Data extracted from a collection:

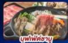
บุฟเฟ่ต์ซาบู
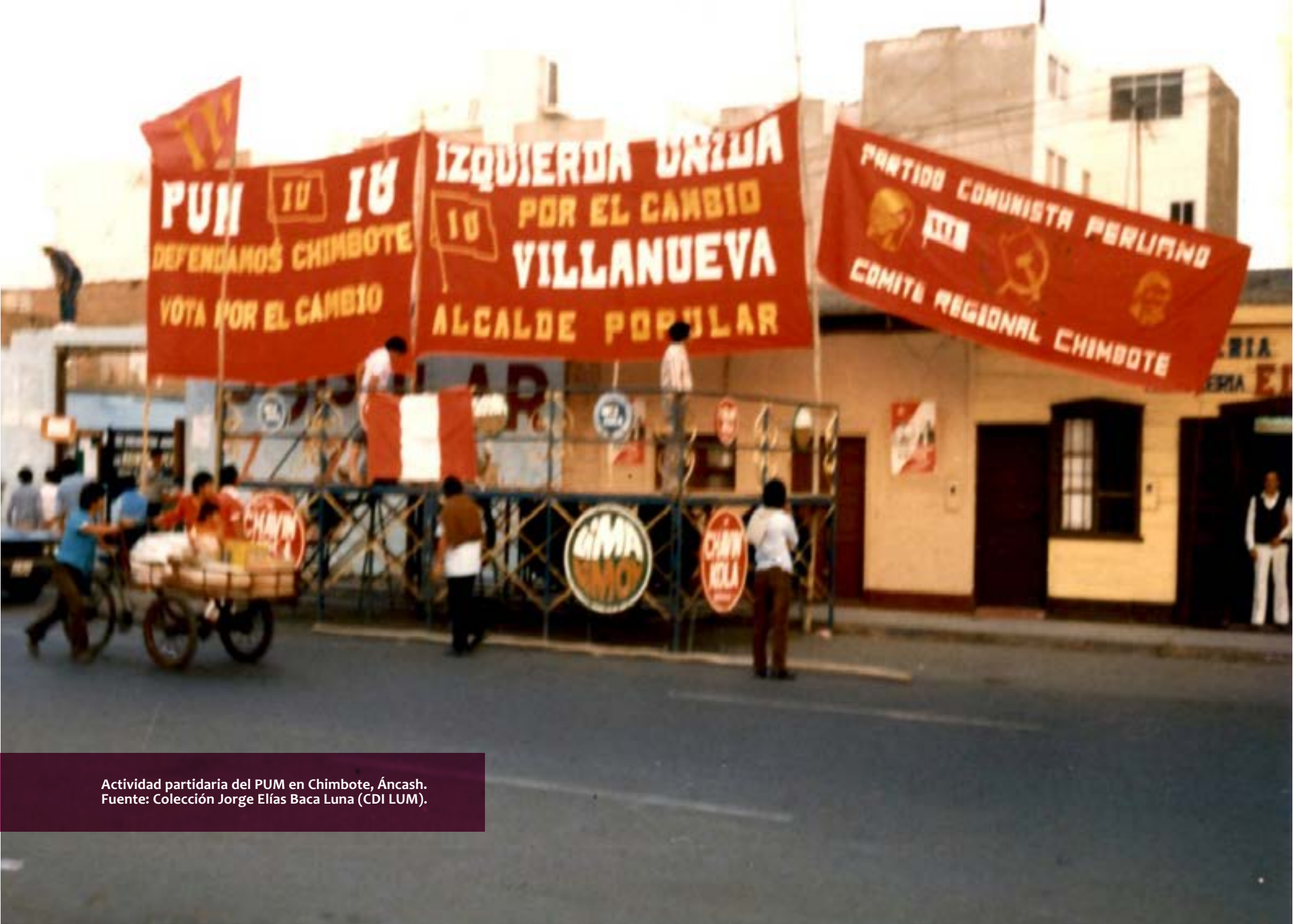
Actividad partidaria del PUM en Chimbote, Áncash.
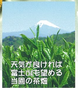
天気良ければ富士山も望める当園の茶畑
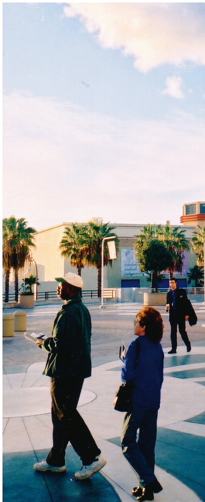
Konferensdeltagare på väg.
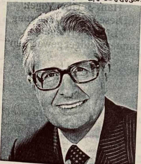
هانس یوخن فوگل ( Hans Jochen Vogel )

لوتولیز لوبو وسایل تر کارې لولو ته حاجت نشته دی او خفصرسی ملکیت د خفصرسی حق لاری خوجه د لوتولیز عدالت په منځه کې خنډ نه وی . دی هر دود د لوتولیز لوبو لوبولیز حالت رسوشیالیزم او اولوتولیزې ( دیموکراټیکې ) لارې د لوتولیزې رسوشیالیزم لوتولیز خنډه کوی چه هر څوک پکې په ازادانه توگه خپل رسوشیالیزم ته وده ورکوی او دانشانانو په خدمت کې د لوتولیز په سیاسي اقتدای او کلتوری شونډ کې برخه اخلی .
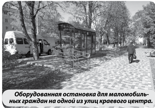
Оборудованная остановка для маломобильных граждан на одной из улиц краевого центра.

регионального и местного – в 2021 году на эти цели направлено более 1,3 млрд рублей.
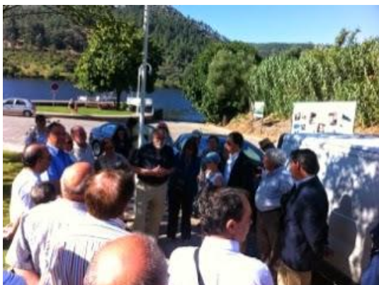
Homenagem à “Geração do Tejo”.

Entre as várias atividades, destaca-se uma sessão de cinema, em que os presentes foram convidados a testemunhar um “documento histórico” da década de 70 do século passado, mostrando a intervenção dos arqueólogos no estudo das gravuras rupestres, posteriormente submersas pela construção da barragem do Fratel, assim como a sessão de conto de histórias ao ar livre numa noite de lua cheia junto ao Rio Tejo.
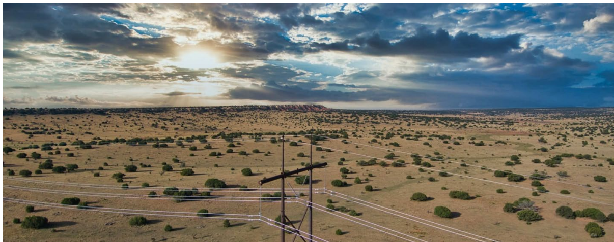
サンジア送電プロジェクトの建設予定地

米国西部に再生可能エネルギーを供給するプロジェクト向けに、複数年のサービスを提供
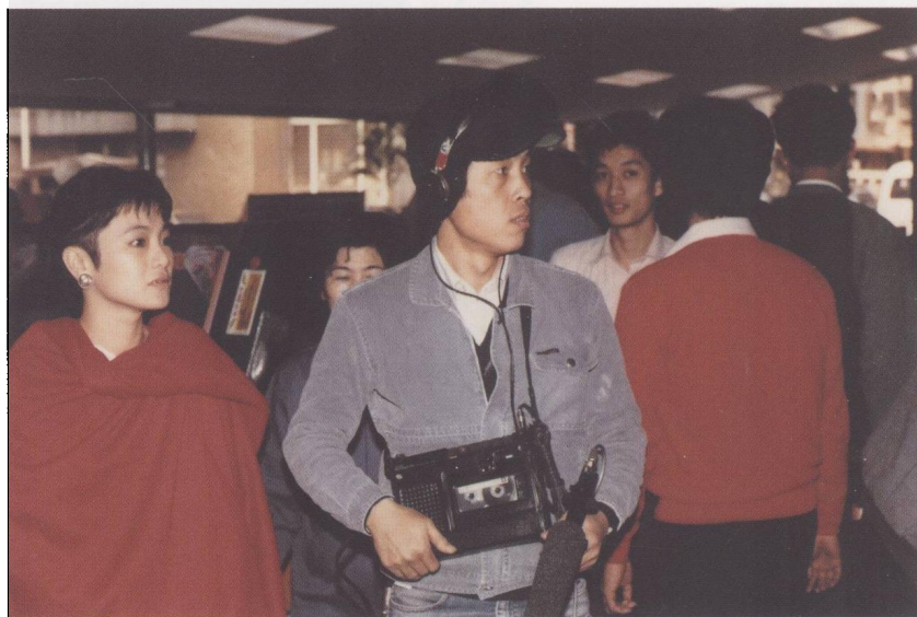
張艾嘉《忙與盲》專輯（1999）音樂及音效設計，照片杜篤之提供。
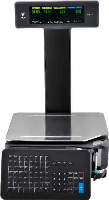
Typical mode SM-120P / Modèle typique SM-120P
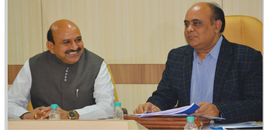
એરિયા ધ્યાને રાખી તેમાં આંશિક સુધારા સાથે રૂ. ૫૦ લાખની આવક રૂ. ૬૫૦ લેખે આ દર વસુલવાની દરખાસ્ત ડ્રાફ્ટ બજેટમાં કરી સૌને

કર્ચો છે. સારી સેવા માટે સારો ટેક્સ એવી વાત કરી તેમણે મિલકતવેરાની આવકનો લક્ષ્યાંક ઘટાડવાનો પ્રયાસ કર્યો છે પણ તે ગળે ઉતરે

### What you will do
Make an exact copy of the lines above, beginning with the line with "Оборудованная остановка для" and ending with the line with "એરિયા ધ્યાને રાખી", and keep the pictures out of it.

### Your solution
Оборудованная остановка для маломобильных граждан на одной из улиц краевого центра.

регионального и местного – в 2021 году на эти цели направлено более 1,3 млрд рублей.
Homenagem à “Geração do Tejo”.

Entre as várias atividades, destaca-se uma sessão de cinema, em que os presentes foram convidados a testemunhar um “documento histórico” da década de 70 do século passado, mostrando a intervenção dos arqueólogos no estudo das gravuras rupestres, posteriormente submersas pela construção da barragem do Fratel, assim como a sessão de conto de histórias ao ar livre numa noite de lua cheia junto ao Rio Tejo.
サンジア送電プロジェクトの建設予定地

米国西部に再生可能エネルギーを供給するプロジェクト向けに、複数年のサービスを提供
張艾嘉《忙與盲》專輯（1999）音樂及音效設計，照片杜篤之提供。
Typical mode SM-120P / Modèle typique SM-120P
એરિયા ધ્યાને રાખી તેમાં આંશિક સુધારા સાથે રૂ. ૫૦ લાખની આવક રૂ. ૬૫૦ લેખે આ દર વસુલવાની દરખાસ્ત ડ્રાફ્ટ બજેટમાં કરી સૌને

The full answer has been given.